Word for word, please copy the listing below, with its pictures left out.

EXERCISE DATA:
======

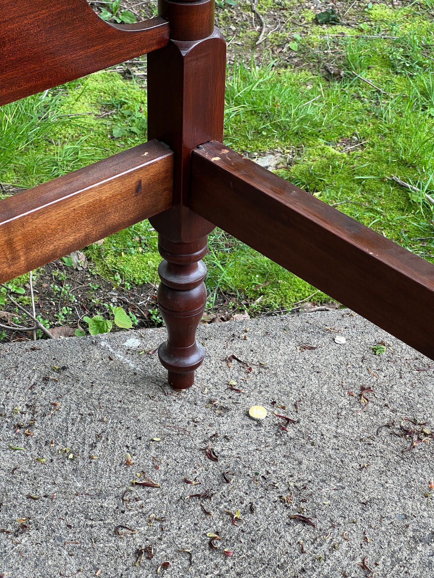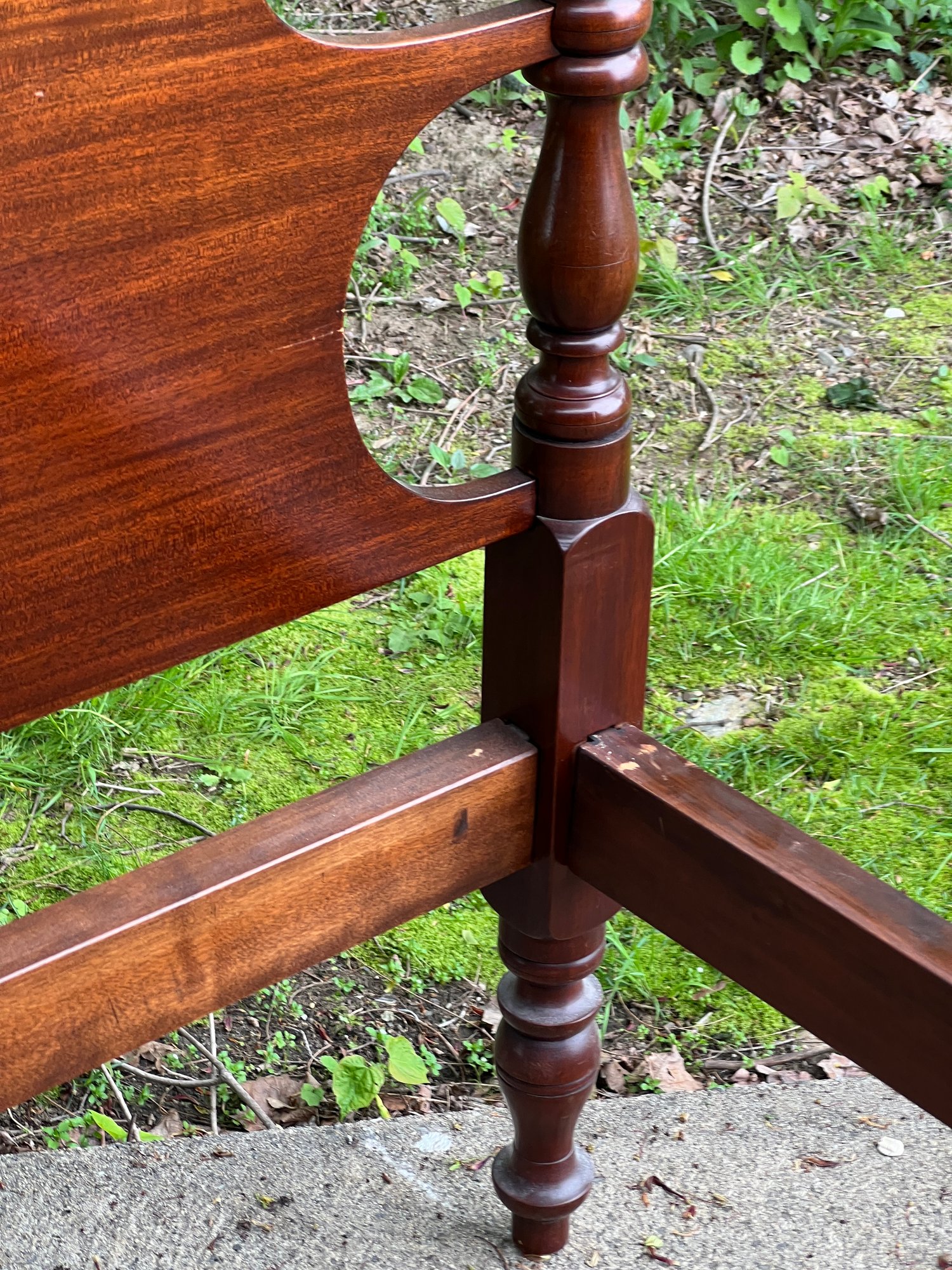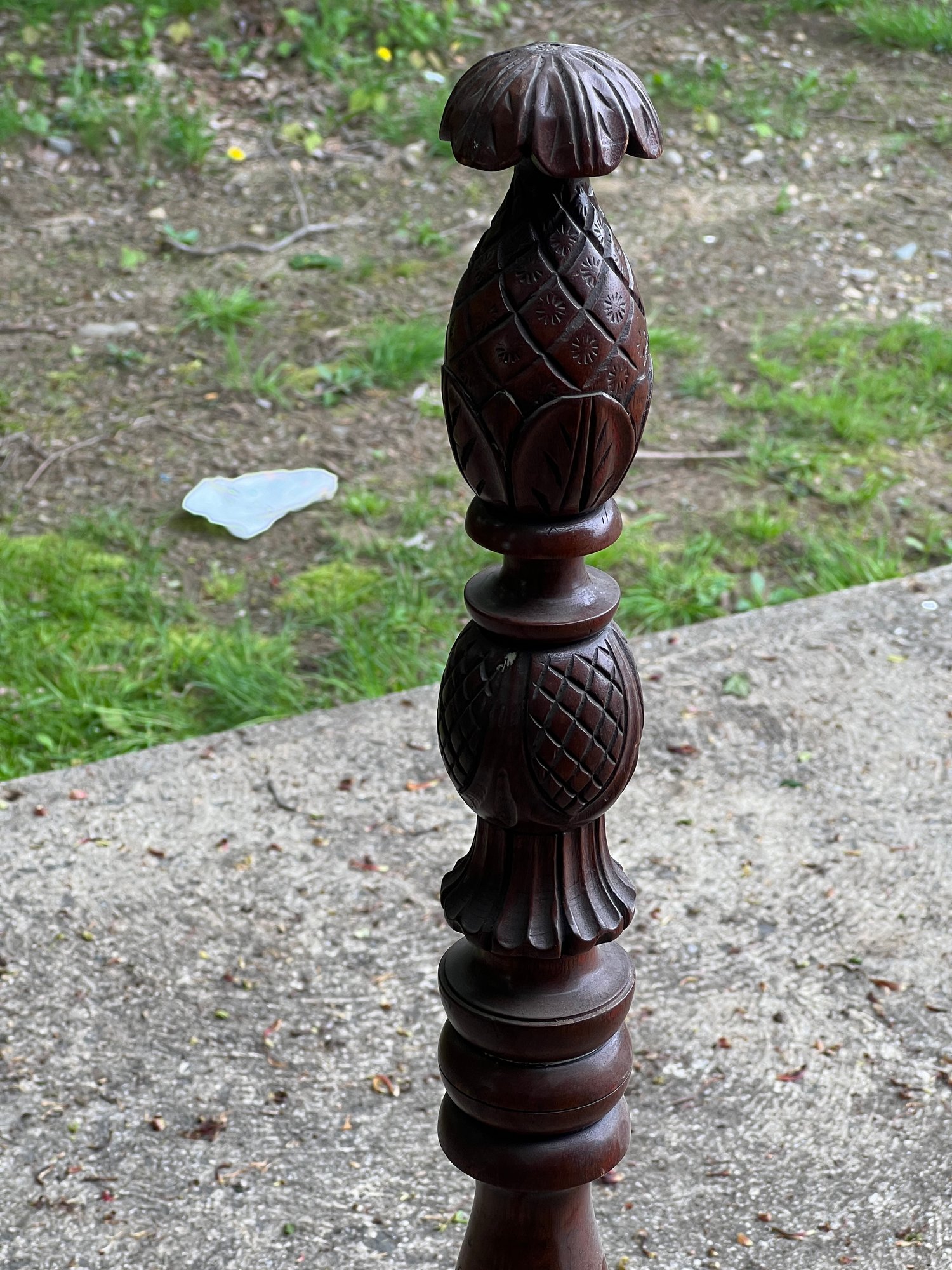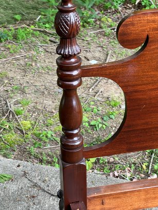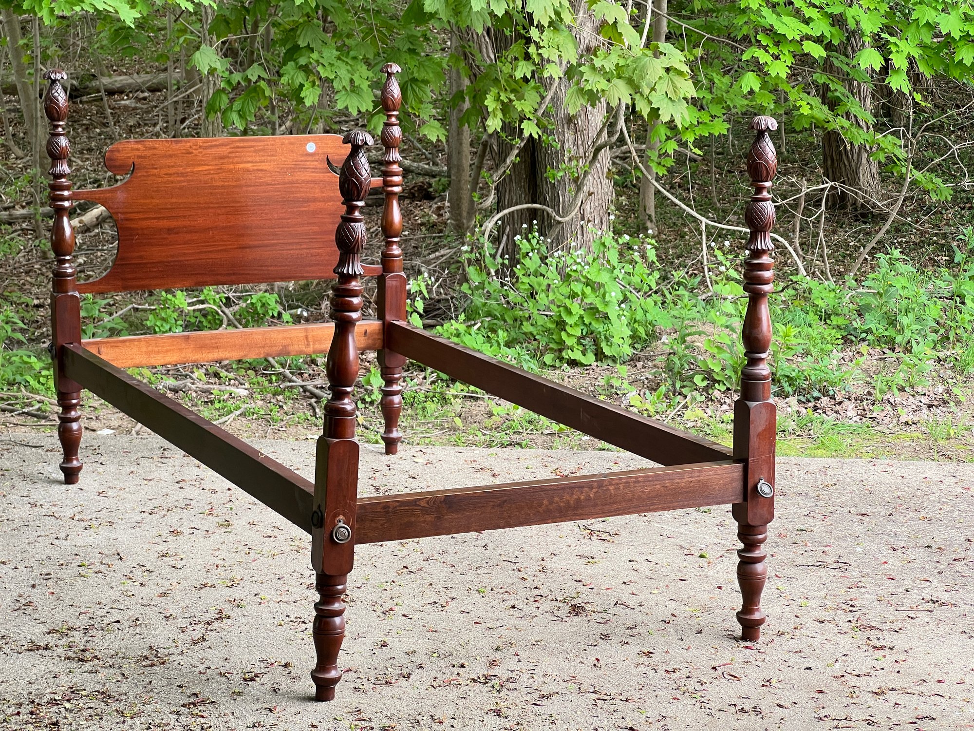 With carved pineapple finials. Height of post 48 inches. Note: Second pair not pictured has a clean break to post on headboard. Could easily be repaired.
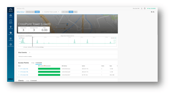 You can monitor your managed network through near real-time reporting that provides information on usage, coverage, security, performance, and capacity. Additionally, we provide a portal to you as a standard feature enabling near real-time tracking of the managed service implementation process, project status, inventory tracking, contacts, change management requests, and trouble tickets.
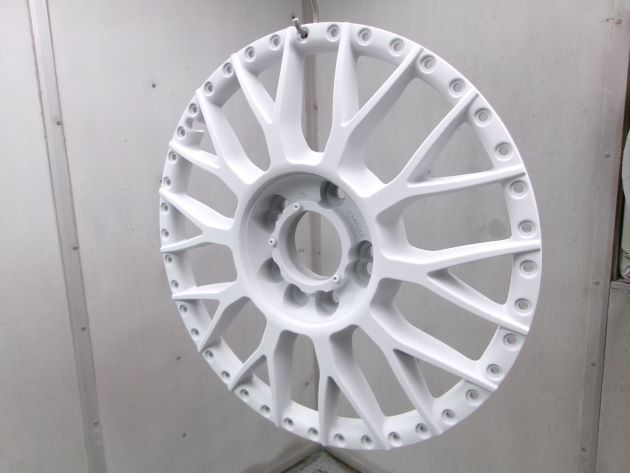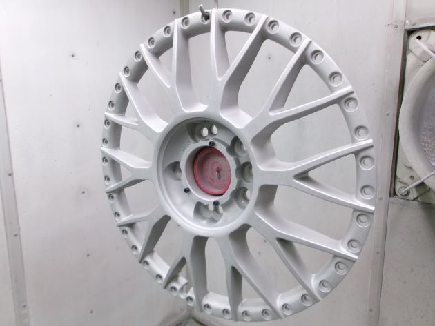リムの仕上げは、インナーはシルバー、アウターはポリッシュにしますので、まずはインナーをシルバーにパウダーコートします。
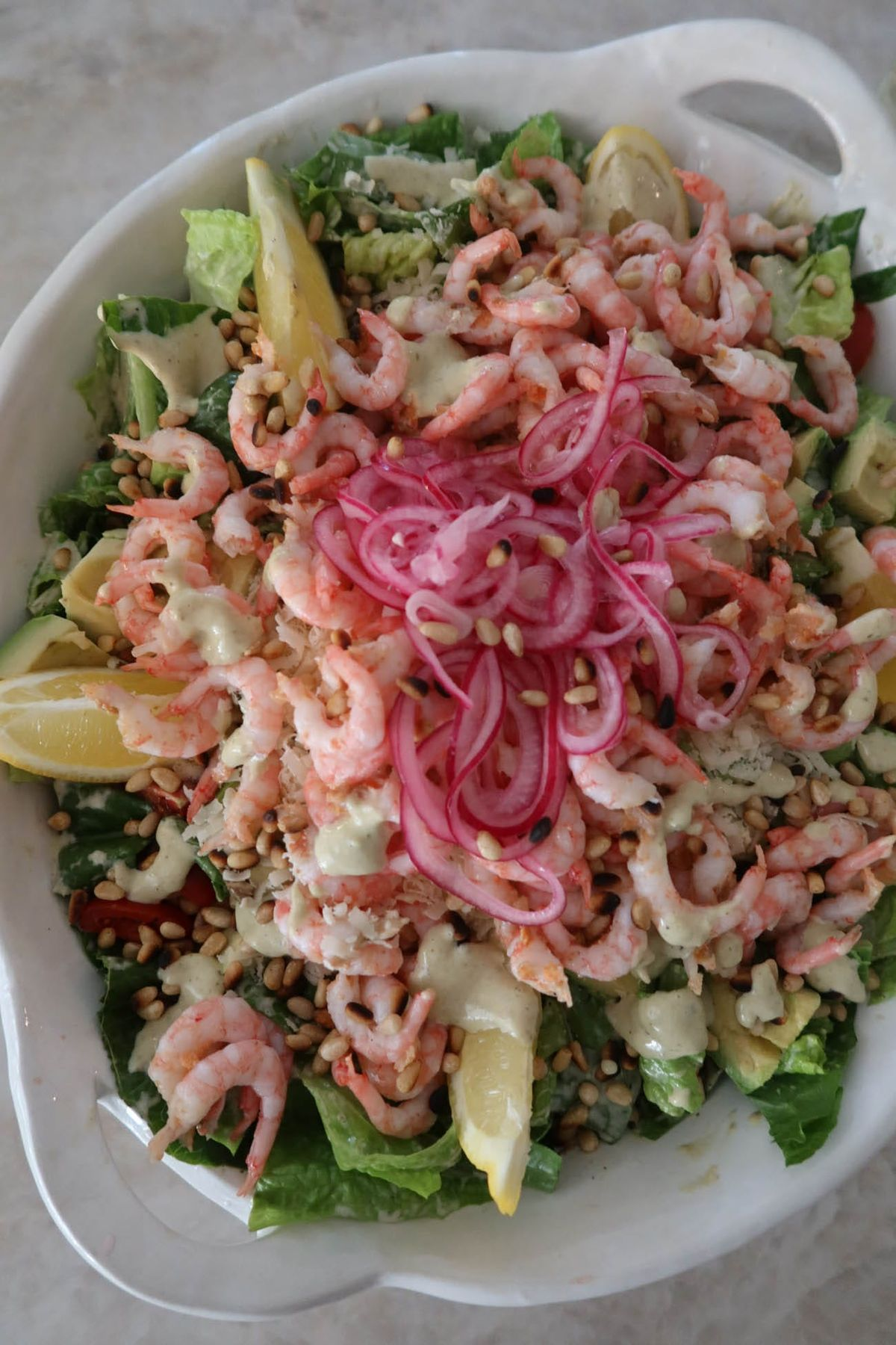 5. Ringla den krämiga citron-senapsdressingen jämnt över räkorna och grönsakerna.

======

RESPONSE TO THIS TASK:
 With carved pineapple finials. Height of post 48 inches. Note: Second pair not pictured has a clean break to post on headboard. Could easily be repaired.
 You can monitor your managed network through near real-time reporting that provides information on usage, coverage, security, performance, and capacity. Additionally, we provide a portal to you as a standard feature enabling near real-time tracking of the managed service implementation process, project status, inventory tracking, contacts, change management requests, and trouble tickets.
リムの仕上げは、インナーはシルバー、アウターはポリッシュにしますので、まずはインナーをシルバーにパウダーコートします。
 5. Ringla den krämiga citron-senapsdressingen jämnt över räkorna och grönsakerna.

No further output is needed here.